I haven’t used XPerf’s profiles at all, so I really can’t say anything beyond what
xperf -help profiles tells you.
Early on, I made the claim that there are different types of providers: performance counters, event traces, configuration settings, and alerts. That may be bad terminology: those four can definitely be referred to as things you can put into Data Collector Sets, but “provider” might only refer to event trace providers. I’m not sure.
It looks to me like the configuration settings have been folded up as a provider in Windows Vista and later, at least by looking at
logman query providers Microsoft-Windows-Kernel-Registry
It has keywords for all the different registry key operations. Note that you can see the same data in a more verbose and yuckier format with
wevtutil gp Microsoft-Windows-Kernel-Registry
I have been bad about ignoring the
wevtutil tool, but that’s mostly because I haven’t found it to be useful for much. (I use it to register my custom manifest-based provider, but even then, nothing makes very good use of that registered information.)

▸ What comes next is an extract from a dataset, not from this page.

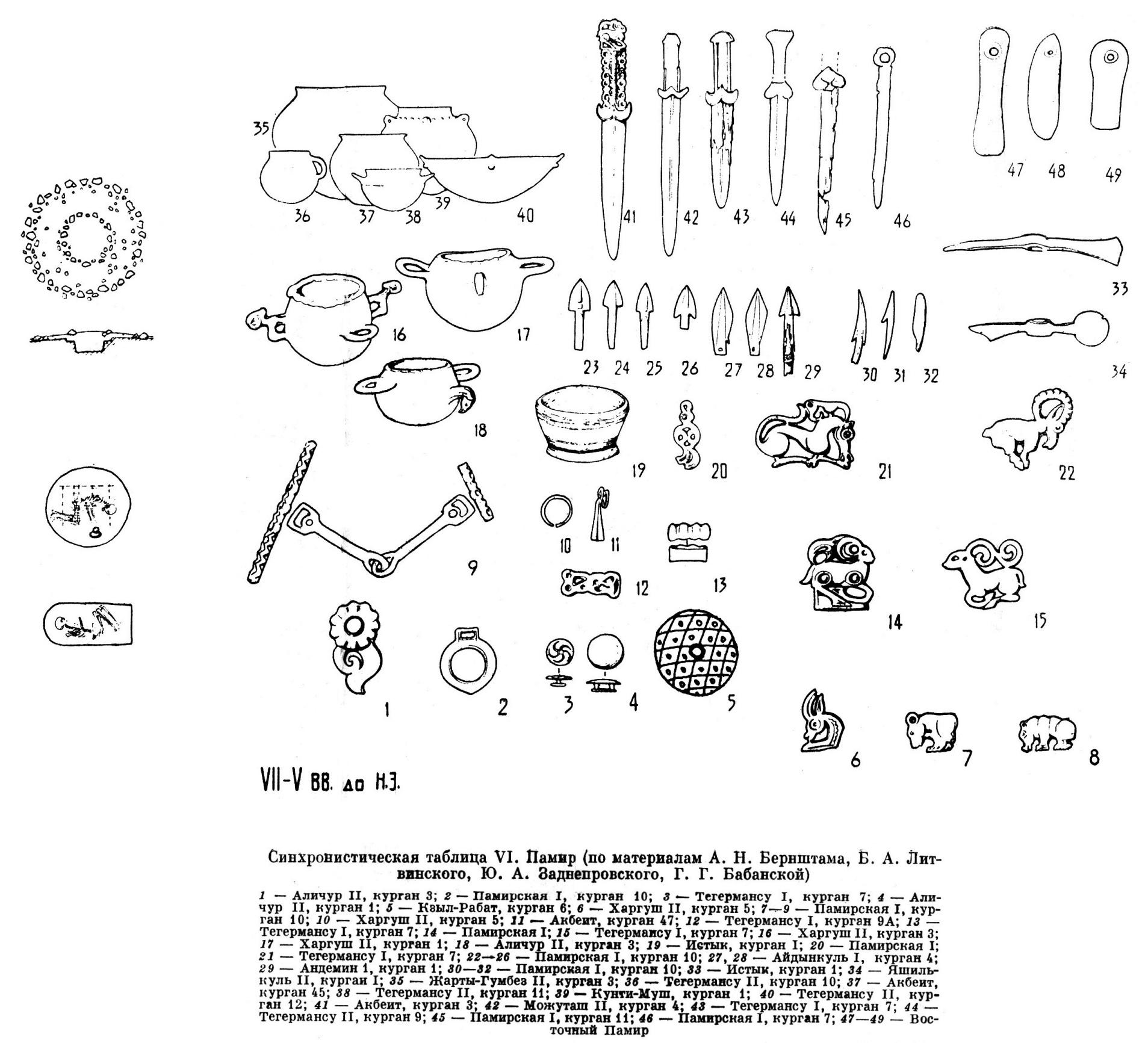 1 — Аличур II, курган 3; 2 — Памирская I, курган 10; 8 — Тегермансу I, курган 7; 4 — Аличур II, курган 1; 5 — Кзыл-Рабат, курган 6; 6 — Харгуш II, курган 5; 7-9 — Памирская I, курган 10; 10 — Харгуш II, курган 5; 11 — Акбеит, курган 47; 12 — Тегермансу I, курган 9А; 13 — Тегермансу I, курган 7; 14 — Памирская I; 15 — Тегермансу I, курган 7; 16 — Харгуш II, курган 3; 17 — Харгуш II, курган 1; 18 — Аличур II, курган 3; 19 — Истык, курган I; 20 — Памирская I; 21 — Тегермансу I, курган 7; 22-26 — Памирская I, курган 10; 27, 28 — Айдынкуль I, курган 4; 29 — Андемин 1, курган 1; 30-32 — Памирская I, курган 10; 33 — Истык, курган 1; 34 — Яшилькуль II, курган I; 35 — Жарты-Гумбез II, курган 3; З6 — Тегермансу II, курган 10; 37 — Акбеит, курган 45; 38 — Тегермансу II, курган 11; 39 — Кунти-Муш, курган 1; 40 — Тегермансу II, курган 12; 41 — Акбеит, курган 3; 42 — Можуташ II, курган 4; 43 — Тегермансу I, курган 7; 44 — Тегермансу II, курган 9; 45 — Памирская I, курган 11; 46 — Памирская I, курган 7; 47-49 — Восточный Памир.

Alerts don’t seem to be a source of data so much as something that a logger can emit. If you look at the
logman -h output, you’ll see an example of creating an alert to fire off when too much ‘Processor Time’ is used, whatever that means. Probably the best place to learn about alerts are the perfmon help pages. I’ll ignore them.
Performance counters sound much more interesting. logman can be used to automate their creation and management, but performance counters depend heavily on knowing what counters are available, so I would recommend using perfmon to deal with them. It provides a UI for selecting from the many, many counters available. It doesn’t seem to provide much assistance for the expression language involved, but once again, I don’t know enough on this topic to be talking. For now, I’ll just point you to perfmon. Perhaps when I start actively using all of this stuff, I’ll have more to say.

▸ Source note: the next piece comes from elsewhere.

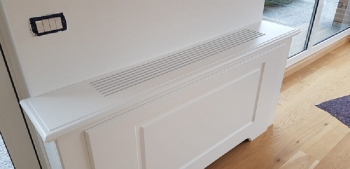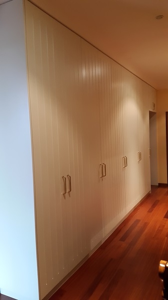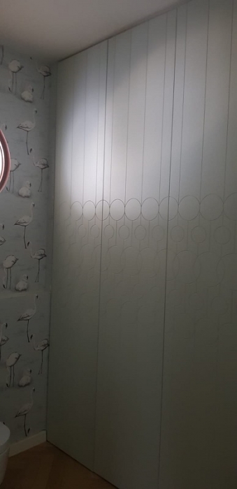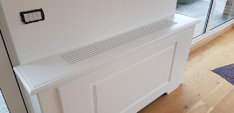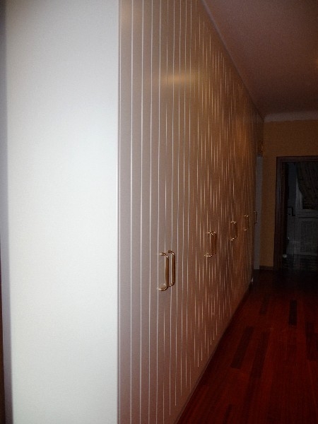 Mobile con struttura in listellare tanganica verniciato, ante in mdf laccato opaco con incisione doghe verticali maniglie ottone lucido

There are a lot of people talking about little bits and pieces of ETW on the web. Most weren’t useful for whatever sort of audience I happen to be, but this technet article is a better help message for logman than logman’s own -h output, and the MS forum FAQ is somewhat helpful. The Pigs Can Fly blog has some useful bits in it, from an experienced user, such as this one about using the Windows sample profiler with XPerf.

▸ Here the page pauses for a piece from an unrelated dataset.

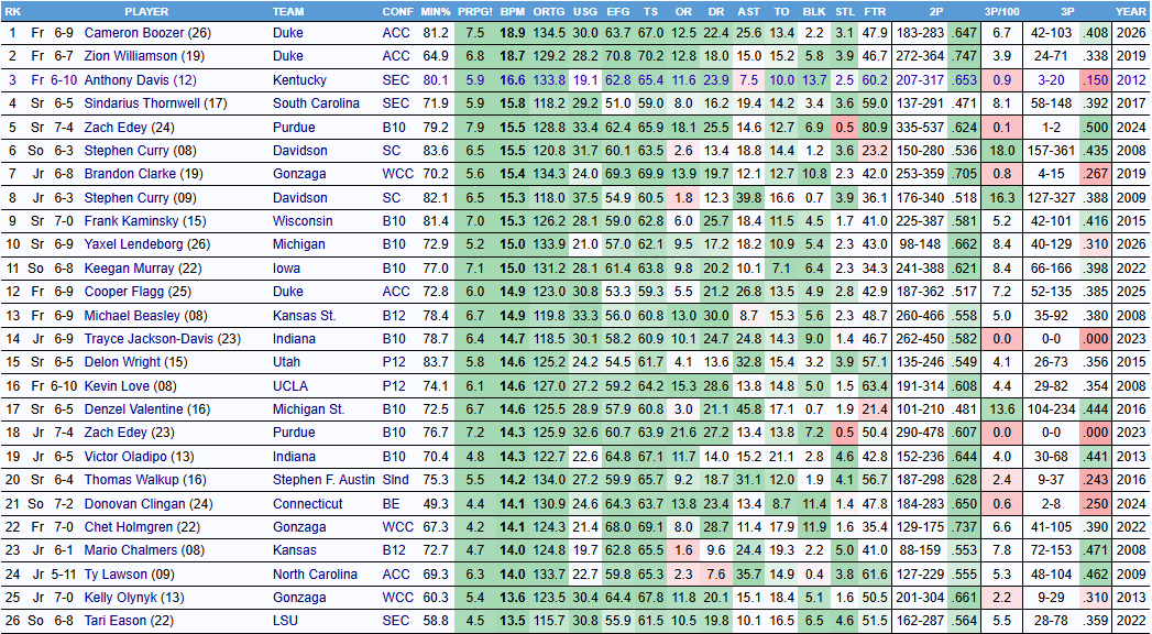 If you sort by “BPM” in the database, you’ll quickly see that the players that top this list are all NBA players who have found moderate success, at least. The list is filled with names like Zion Williamson, Anthony Davis, Stephen Curry, Kevin Love—you get the point; good players produce at their level of competition.

You’ve probably noticed, but I tend to stick to using
logman rather than
xperf for most things. I just like its syntax better; it seems a little more rational. But there is one really big reason why you’ll probably end up using
xperf in actual practice: stack traces. Unfortunately, I don’t have enough material on that to make up a blog post yet, so I’m going to wait until I get some more experience in analyzing traces and seeing what needs to get into them before writing that part.
Who Cares? or: How to Use Collected Traces
I must apologize for crawling through all of this boring detail on the trace collection side. The only thing interesting about any of this is how you use the collected traces, and I haven’t said anything about that yet.
Well, sorry. That’s for a later article. Partly because this one is already far too long, and partly because I haven’t figured out enough yet to be worth wasting your time reading.